Problem statement
Retype, word for word, the lines from the first line of the entries through the line that holds "4. Remove the"; leave out the pictures.

[Dataset excerpts]

******

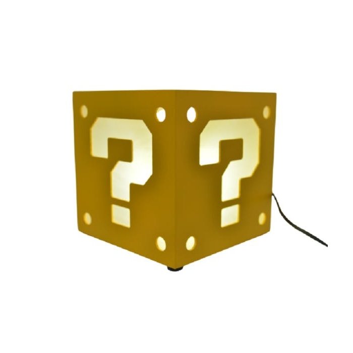 Luminária de MDF, para mesa de centro, rack ou cabeceira de cama ou para decoração do ambiente.Modelo: Super MárioCor: Amarelo ouro.Marca: Zero GeekMedidas: 20x20cm.Lâmpada de Iluminação com 3,5 watts de potência, Bivolt.
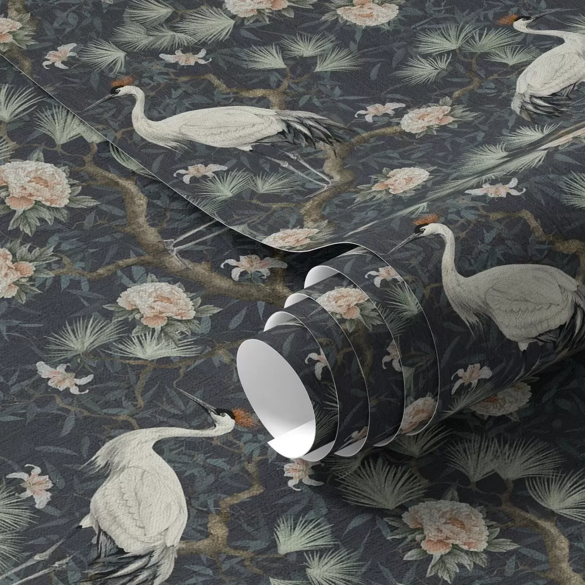 Tapetti Kurjet mäntyjen ja pionien keskellä tummalla taustalla Nr. a00241
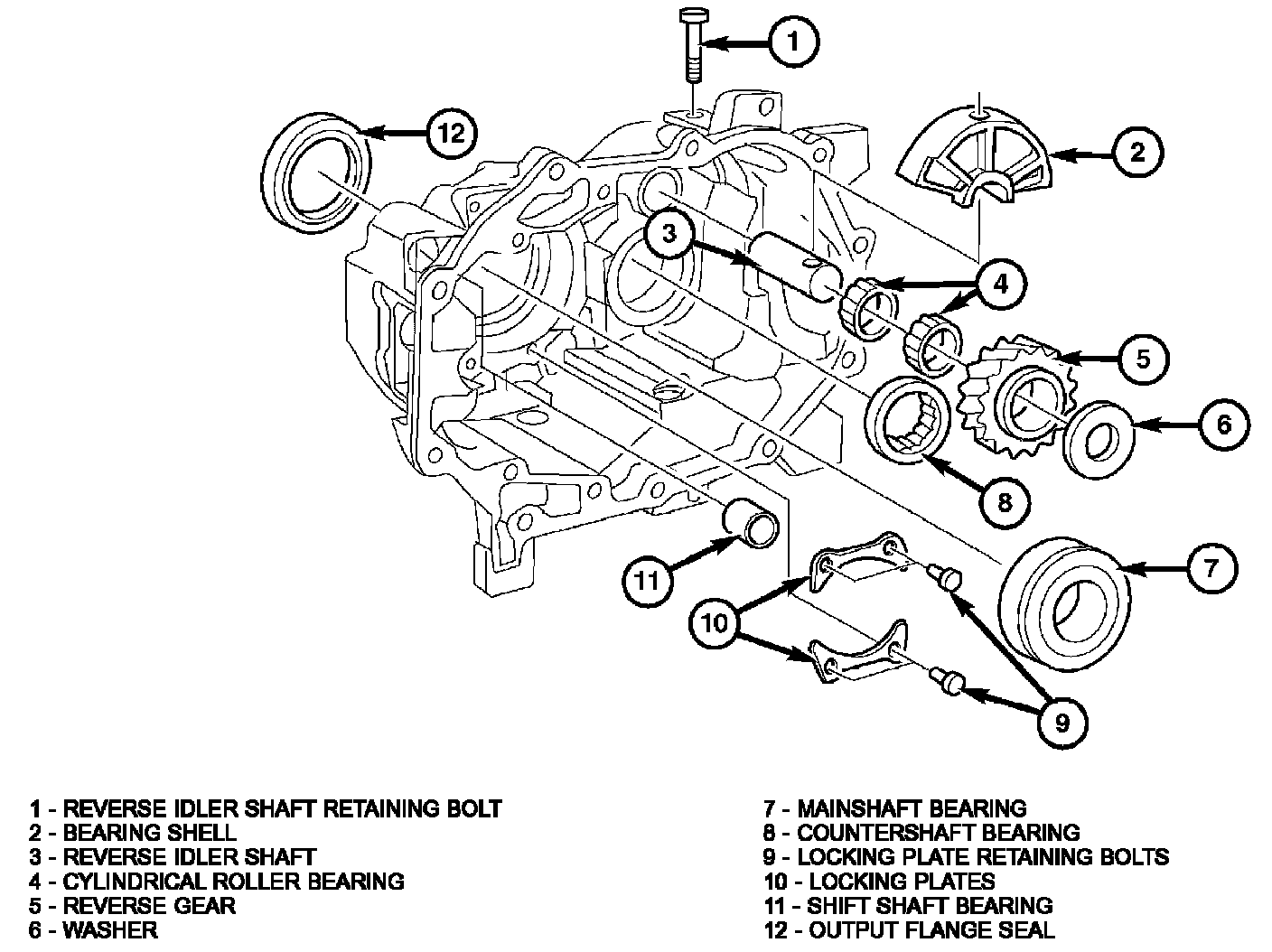 4. Remove the bearing shell (2), reverse idler shaft (3) with the bearings (4), reverse gear (5) and the washer (6).
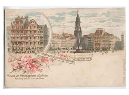 Grußkarte aus Dresden mit dem Altmarkt und dem Modewarenhaus Adolph Renner. Historische Ansichtskarte um 1900.
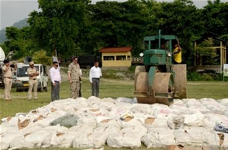 An Assam police spokesman said that 935 kg of seized drugs were destroyed at Hatishila Daampara under Pragjyotishpur police station, which include a considerable amount of heroin, cannabis and highly addictive 19, 00, 000 methamphetamine tablets and more than 3, 70, 000 bottles of cough syrup.

******

Exercise answer
 Luminária de MDF, para mesa de centro, rack ou cabeceira de cama ou para decoração do ambiente.Modelo: Super MárioCor: Amarelo ouro.Marca: Zero GeekMedidas: 20x20cm.Lâmpada de Iluminação com 3,5 watts de potência, Bivolt.
 Tapetti Kurjet mäntyjen ja pionien keskellä tummalla taustalla Nr. a00241
 4. Remove the bearing shell (2), reverse idler shaft (3) with the bearings (4), reverse gear (5) and the washer (6).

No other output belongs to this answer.